═══ Dataset extract ═══

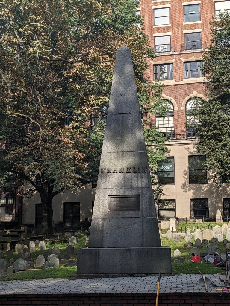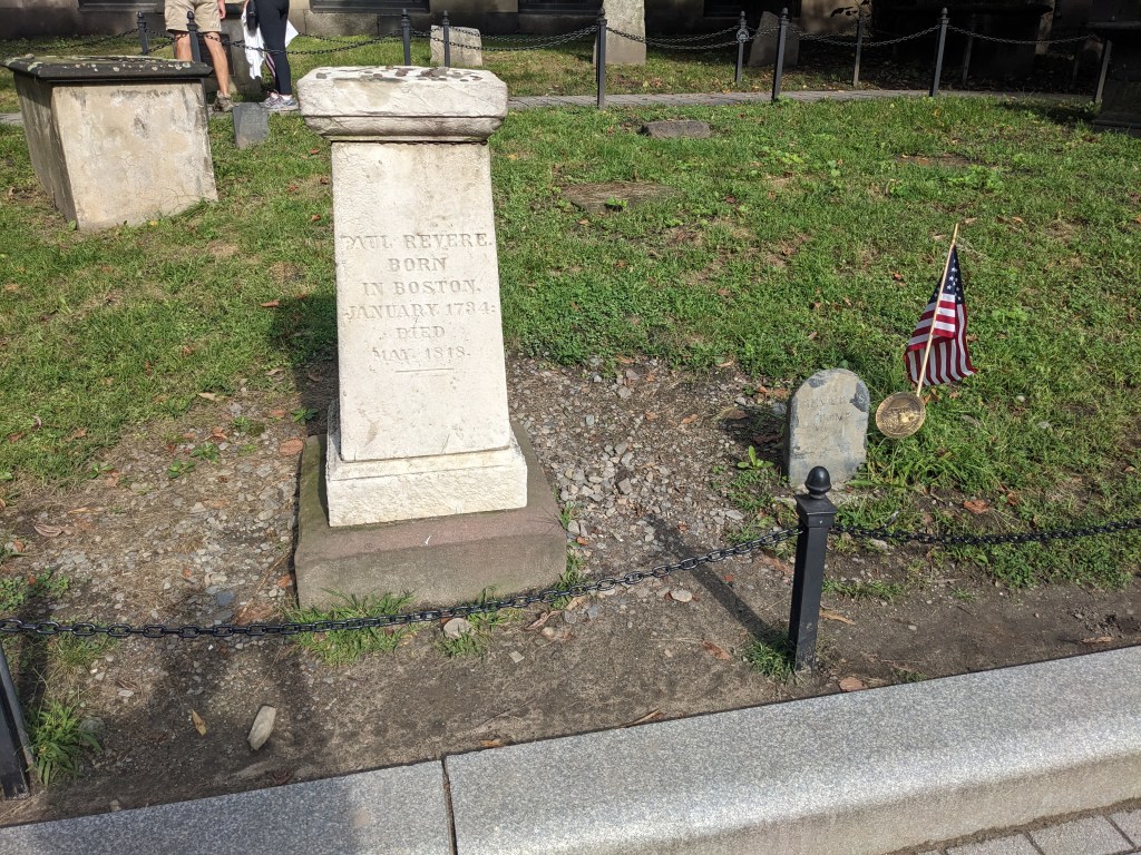 The big obelisk pictured is not dedicated to Benjamin Franklin. It is, however, dedicated to his parents, Josiah and Abigail. Benjamin is buried in Philadelphia, not Boston. Below is the grave of Paul Revere. We’ll get to him. Other notable burials include Samuel Adams, signer of the Declaration of Independence, Crispus Attucks, believed to be the first person killed during the Boston Massacre, Mary Goose (AKA Mother Goose), to name but a few. Some of those names may come up again, but moving on to the next location:
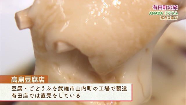 TOP 記事一覧 グルメ まるでデザート!直売所限定の人気黒蜜ごどうふ!有田町「高島豆腐店」 グルメ gourmet 2023.09.28 まるでデザート!直売所限定の人気黒蜜ごどうふ!有田町「高島豆腐店」 有田町にある「高島豆腐店」創業70年を超えるお店です。 以前は工場として使われていましたが、現在は直売所となっています。 豆腐・ごどうふを武雄市山内町の工場で製造しており、武雄工場ではごどうふ作り体験も行っています。 変わり種のごどうふ? 黒蜜ごどうふ 550円 ※直売所限定 豆腐プリンだと豆腐の味が強いですが、こちらはもちもちスイーツに変わっていて新食感です。 卸先のお店では、ごどうふパフェとしても販売 黒蜜きなこパフェ 700円 ※ギャラリー有田で販売しています。 生クリームなどが入っているパフェにごどうふが沢山入ったスイーツです。 有田名物「ごとうふ」のパイ 330円 ※MARUBUN SHOP&BAKERY CAFEで販売 ごどうふを使ったパン!パイ生地にごどうふが入っています。 ごどうふの上には、ほんのりチーズがのっており、そこにバジルソースがかかっています。火が通っているためごどうふの食感が変わり、柔らかくてフワフワです。 ごどうふは色んな調理方法に適しています。 【2023年9月27日放送 かちかちPress 波田陽区のさがんまち珍道中より】 関連記事 嬉野に"コストコ"!?コストコ商品が並ぶ「ミニコス 嬉野店」Part.1【食品】 大豆にこだわった豆乳専門店「あしかり豆美人」 トロトロの"嬉野湯豆腐"と豆腐より旨い"寄せ豆腐"「福田とうふ店」Part.1 とろとろふわふわ 温泉湯豆腐「宗庵 よこ長」 ※各記事に掲載している料金やサービスについては、記事を掲載した時点での情報になります。掲載当時から料金やサービスが変更になっている場合がございます。 TAG LIST #和食 #伊万里市/西松浦郡 #波田陽区のさがんまち珍道中 #かちかちPress 前の記事 一覧に戻る 次の記事 RECOMMEND
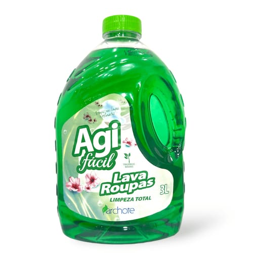 O Lava Roupas Líquido Agifácil Limpeza Total na versão de 3 litros combina a performance profissional da marca com a praticidade do uso doméstico. Sua fórmula avançada foi desenvolvida para penetrar profundamente nas fibras, removendo as sujeiras mais difíceis sem agredir os tecidos. Ideal para roupas brancas e coloridas, ele garante uma limpeza completa e deixa um perfume suave e duradouro. Por ser líquido, dissolve-se instantaneamente, não deixando manchas de resíduos nas roupas e mantendo sua máquina de lavar sempre limpa.
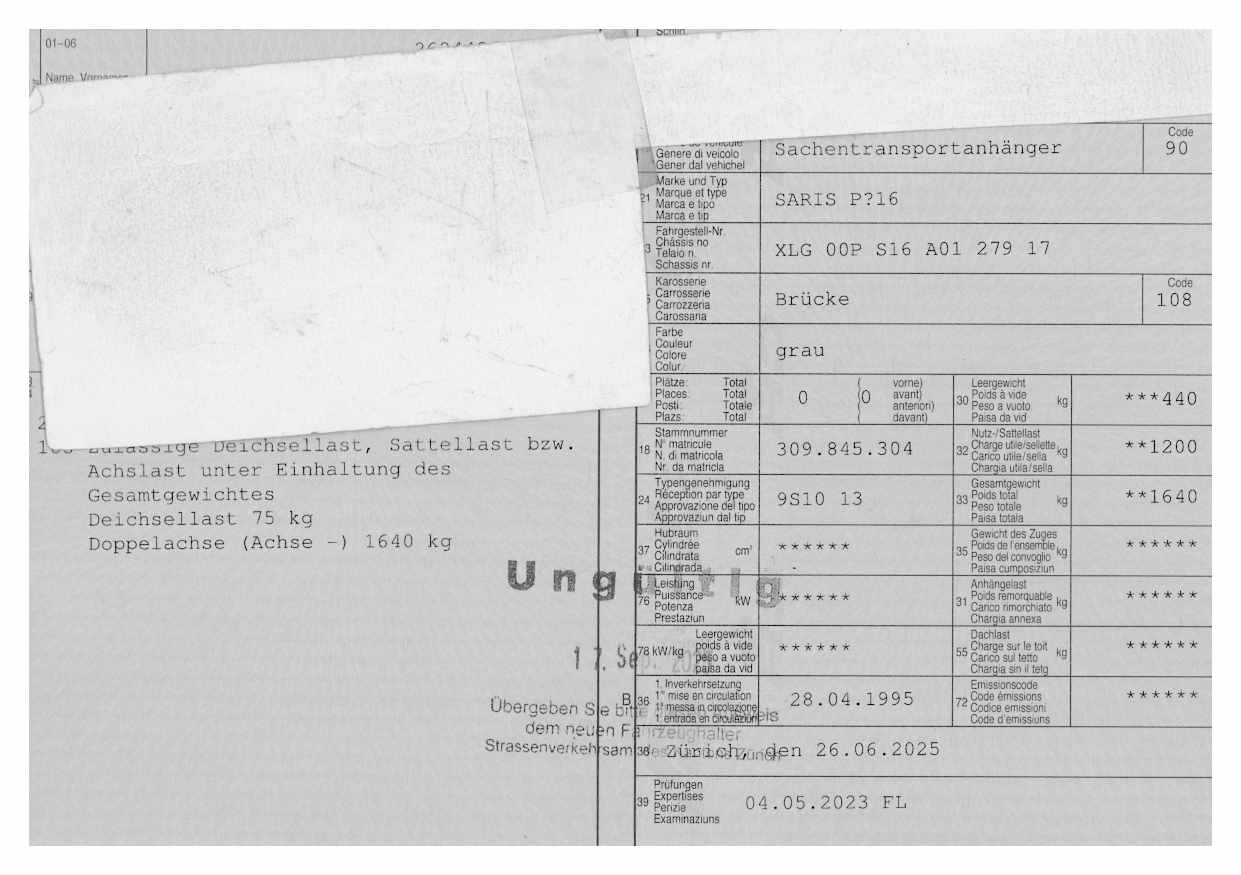 | 12589 | Saris P? 16 | TA Hochlader Aluseitenläden 3 Seitig abklappbar Siebdruckboden Stützrolle ab Platz mehr... | 1640 kg | 440 kg | 310 x 150 x 30 cm | 04.95 | 990.- |
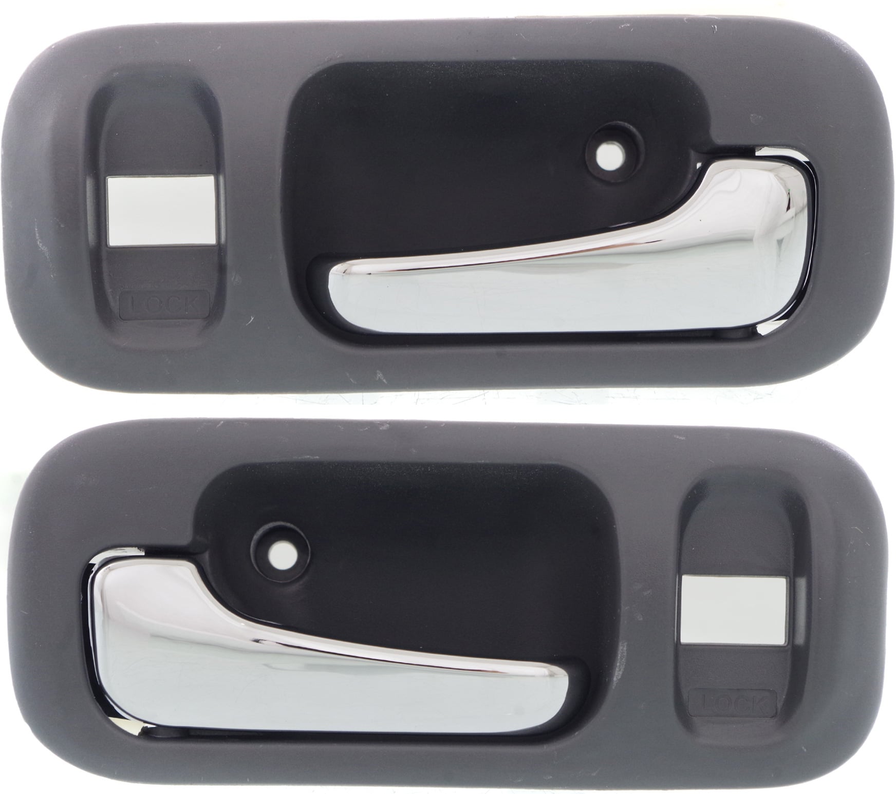 Front Door Handle Pair/Set for Honda Odyssey 1995-1998, CR-V 1997-2001, Right (Passenger) and Left (Driver), Inside, with Lock Hole, Chrome Lever + Gray Bezel, Plastic, Replacement
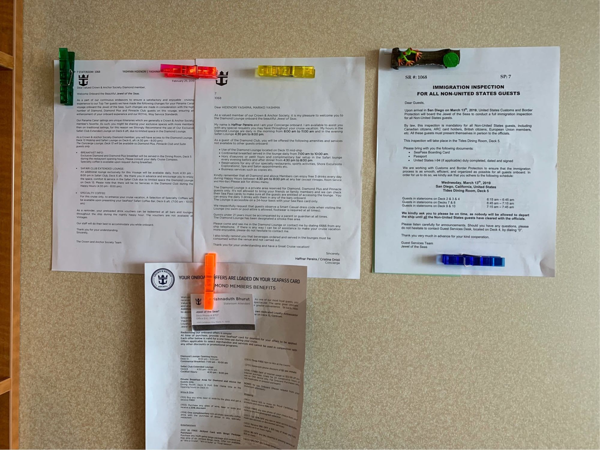 このネームタグは大人気ですね。 ターミナルでよく見かけます。 船内新聞等は私はクリアポケットファイルに日付ごとに分けて収納しています。 1回のクルーズ旅行が終わると1冊終了。 日程表、Eticket控、ホテル予約控を入れ、日ごとにコンパスが増えていき、最後のポケットにはクルーズ中1枚だけ記念に買う写真とポストカードとシーパスカードを入れて旅の思い出にしています。 皆さんのクルーズライフならではのアイデアの交換はためになりますね~
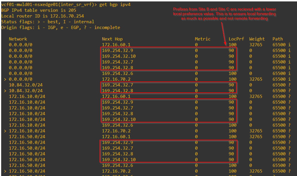 This is the inter-SR bgp table from Site B which also receives prefixes from other locations with a lower local preference and has local egress.
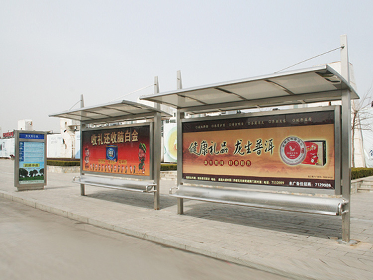 公交車候車亭一般是與公交站牌相配套的,為方便公交乘客候車時遮陽、防雨等,在車站、道路兩旁或綠化帶的港灣式公交?空旧辖ㄔO的交通設施。由于城市公交的日益發達,候車亭已發展成為城市一個不可或缺的重要組成部分,設計精美的候車亭也成為了城市一道美麗的風景。 一般候車亭棚體主要頂棚、立柱、頂弓、廣告燈箱和坐凳組成,也有用隔板來代替廣告燈箱的。
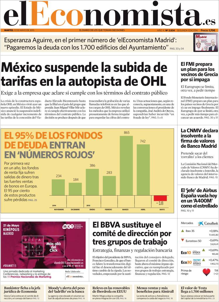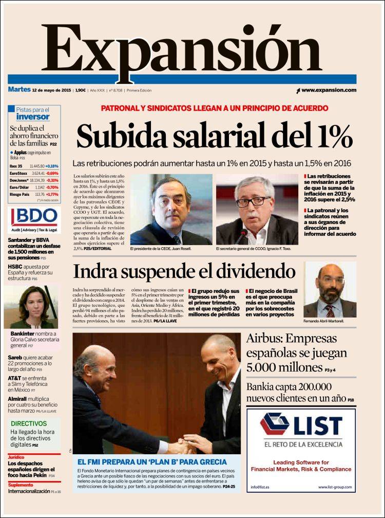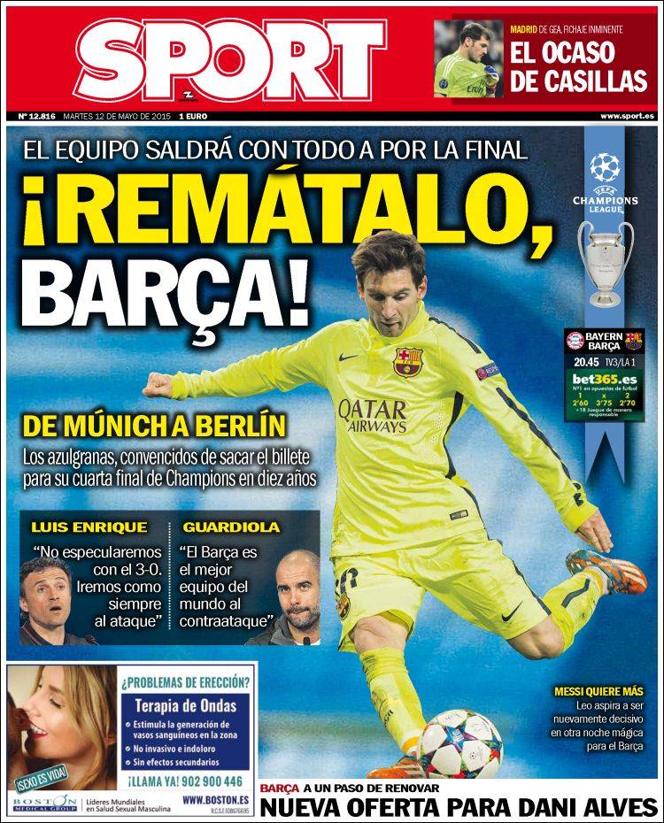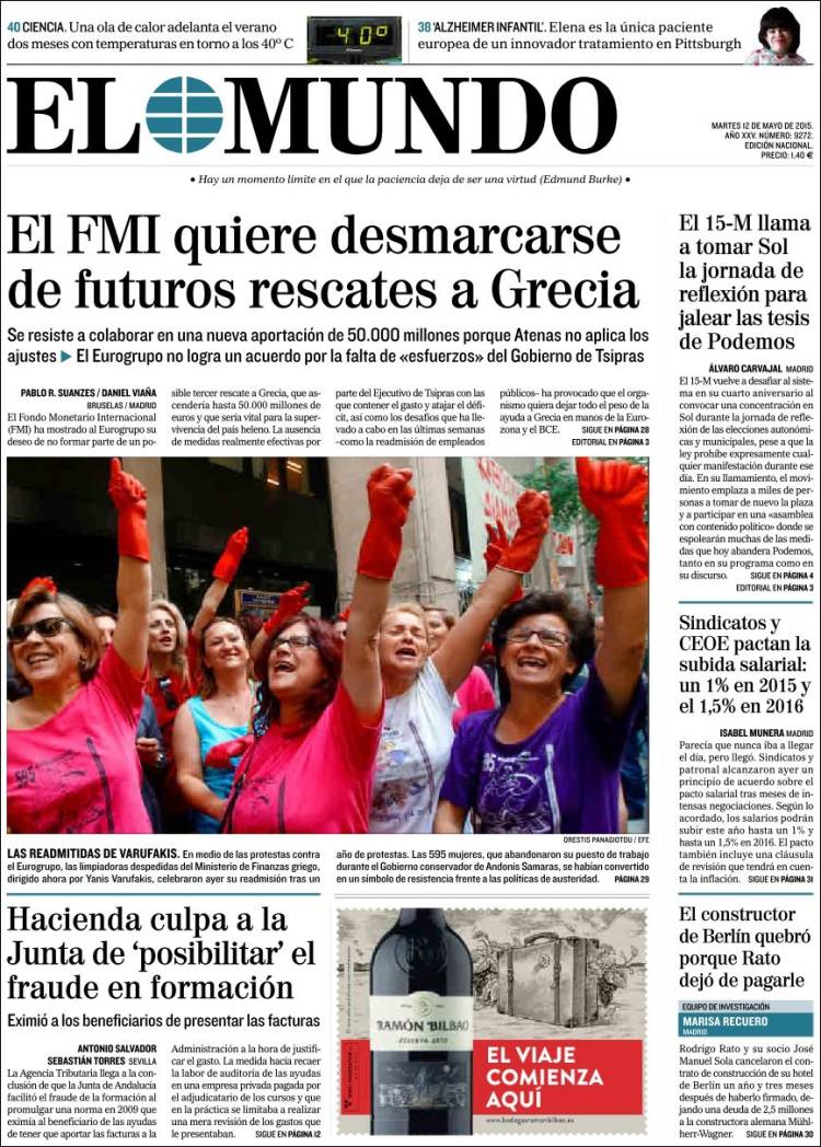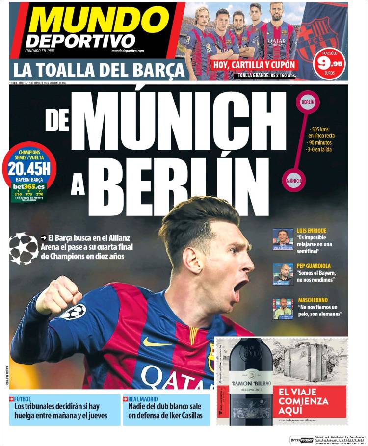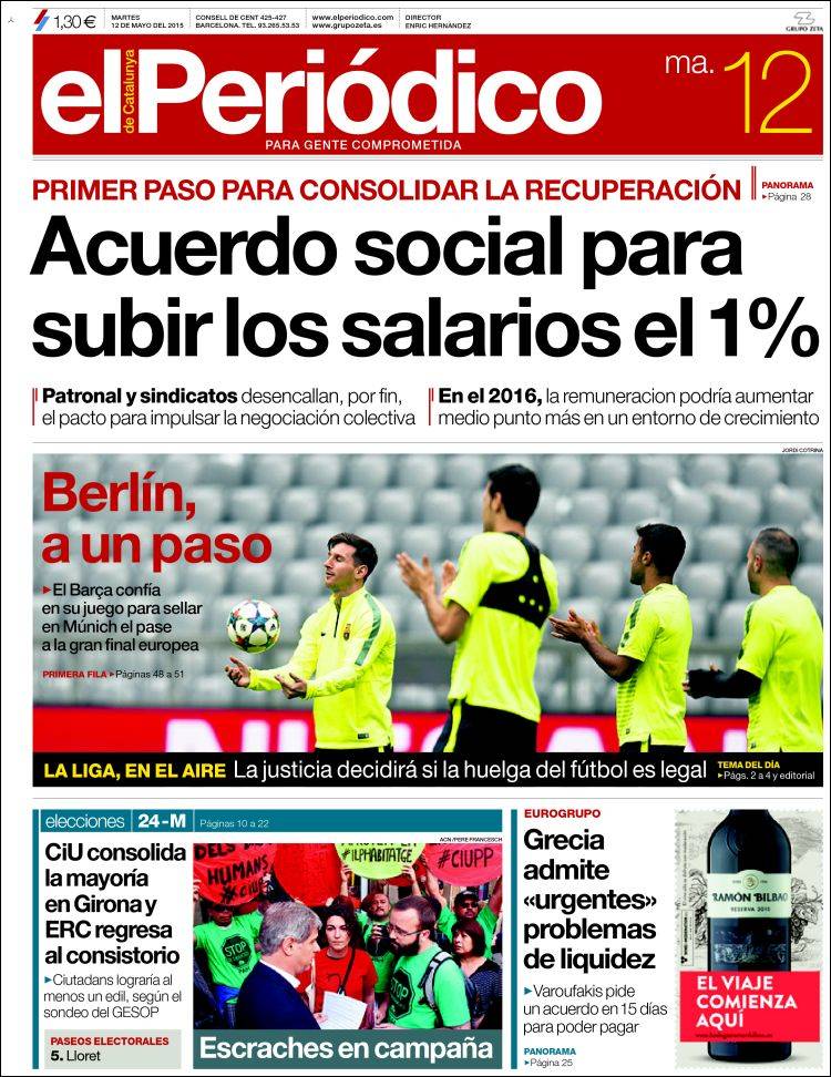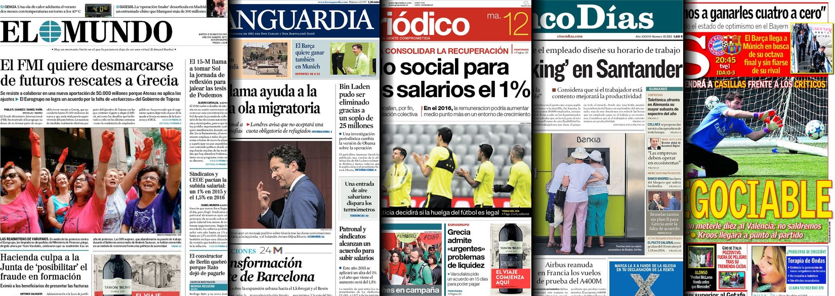 Portadas de los diarios El Mundo, El País, ABC, La Razón, La Vanguardia, El Periódico, Cinco Días, El Economista, Expansión, Marca, As, Mundo Deportivo y Sport.

═══

* Problem to work on: Exactly as written, give the entries above again, with no images.

* Output of the task:
 The big obelisk pictured is not dedicated to Benjamin Franklin. It is, however, dedicated to his parents, Josiah and Abigail. Benjamin is buried in Philadelphia, not Boston. Below is the grave of Paul Revere. We’ll get to him. Other notable burials include Samuel Adams, signer of the Declaration of Independence, Crispus Attucks, believed to be the first person killed during the Boston Massacre, Mary Goose (AKA Mother Goose), to name but a few. Some of those names may come up again, but moving on to the next location:
 TOP 記事一覧 グルメ まるでデザート!直売所限定の人気黒蜜ごどうふ!有田町「高島豆腐店」 グルメ gourmet 2023.09.28 まるでデザート!直売所限定の人気黒蜜ごどうふ!有田町「高島豆腐店」 有田町にある「高島豆腐店」創業70年を超えるお店です。 以前は工場として使われていましたが、現在は直売所となっています。 豆腐・ごどうふを武雄市山内町の工場で製造しており、武雄工場ではごどうふ作り体験も行っています。 変わり種のごどうふ? 黒蜜ごどうふ 550円 ※直売所限定 豆腐プリンだと豆腐の味が強いですが、こちらはもちもちスイーツに変わっていて新食感です。 卸先のお店では、ごどうふパフェとしても販売 黒蜜きなこパフェ 700円 ※ギャラリー有田で販売しています。 生クリームなどが入っているパフェにごどうふが沢山入ったスイーツです。 有田名物「ごとうふ」のパイ 330円 ※MARUBUN SHOP&BAKERY CAFEで販売 ごどうふを使ったパン!パイ生地にごどうふが入っています。 ごどうふの上には、ほんのりチーズがのっており、そこにバジルソースがかかっています。火が通っているためごどうふの食感が変わり、柔らかくてフワフワです。 ごどうふは色んな調理方法に適しています。 【2023年9月27日放送 かちかちPress 波田陽区のさがんまち珍道中より】 関連記事 嬉野に"コストコ"!?コストコ商品が並ぶ「ミニコス 嬉野店」Part.1【食品】 大豆にこだわった豆乳専門店「あしかり豆美人」 トロトロの"嬉野湯豆腐"と豆腐より旨い"寄せ豆腐"「福田とうふ店」Part.1 とろとろふわふわ 温泉湯豆腐「宗庵 よこ長」 ※各記事に掲載している料金やサービスについては、記事を掲載した時点での情報になります。掲載当時から料金やサービスが変更になっている場合がございます。 TAG LIST #和食 #伊万里市/西松浦郡 #波田陽区のさがんまち珍道中 #かちかちPress 前の記事 一覧に戻る 次の記事 RECOMMEND
 O Lava Roupas Líquido Agifácil Limpeza Total na versão de 3 litros combina a performance profissional da marca com a praticidade do uso doméstico. Sua fórmula avançada foi desenvolvida para penetrar profundamente nas fibras, removendo as sujeiras mais difíceis sem agredir os tecidos. Ideal para roupas brancas e coloridas, ele garante uma limpeza completa e deixa um perfume suave e duradouro. Por ser líquido, dissolve-se instantaneamente, não deixando manchas de resíduos nas roupas e mantendo sua máquina de lavar sempre limpa.
 | 12589 | Saris P? 16 | TA Hochlader Aluseitenläden 3 Seitig abklappbar Siebdruckboden Stützrolle ab Platz mehr... | 1640 kg | 440 kg | 310 x 150 x 30 cm | 04.95 | 990.- |
 Front Door Handle Pair/Set for Honda Odyssey 1995-1998, CR-V 1997-2001, Right (Passenger) and Left (Driver), Inside, with Lock Hole, Chrome Lever + Gray Bezel, Plastic, Replacement
 このネームタグは大人気ですね。 ターミナルでよく見かけます。 船内新聞等は私はクリアポケットファイルに日付ごとに分けて収納しています。 1回のクルーズ旅行が終わると1冊終了。 日程表、Eticket控、ホテル予約控を入れ、日ごとにコンパスが増えていき、最後のポケットにはクルーズ中1枚だけ記念に買う写真とポストカードとシーパスカードを入れて旅の思い出にしています。 皆さんのクルーズライフならではのアイデアの交換はためになりますね~
 This is the inter-SR bgp table from Site B which also receives prefixes from other locations with a lower local preference and has local egress.
 公交車候車亭一般是與公交站牌相配套的,為方便公交乘客候車時遮陽、防雨等,在車站、道路兩旁或綠化帶的港灣式公交?空旧辖ㄔO的交通設施。由于城市公交的日益發達,候車亭已發展成為城市一個不可或缺的重要組成部分,設計精美的候車亭也成為了城市一道美麗的風景。 一般候車亭棚體主要頂棚、立柱、頂弓、廣告燈箱和坐凳組成,也有用隔板來代替廣告燈箱的。
 Portadas de los diarios El Mundo, El País, ABC, La Razón, La Vanguardia, El Periódico, Cinco Días, El Economista, Expansión, Marca, As, Mundo Deportivo y Sport.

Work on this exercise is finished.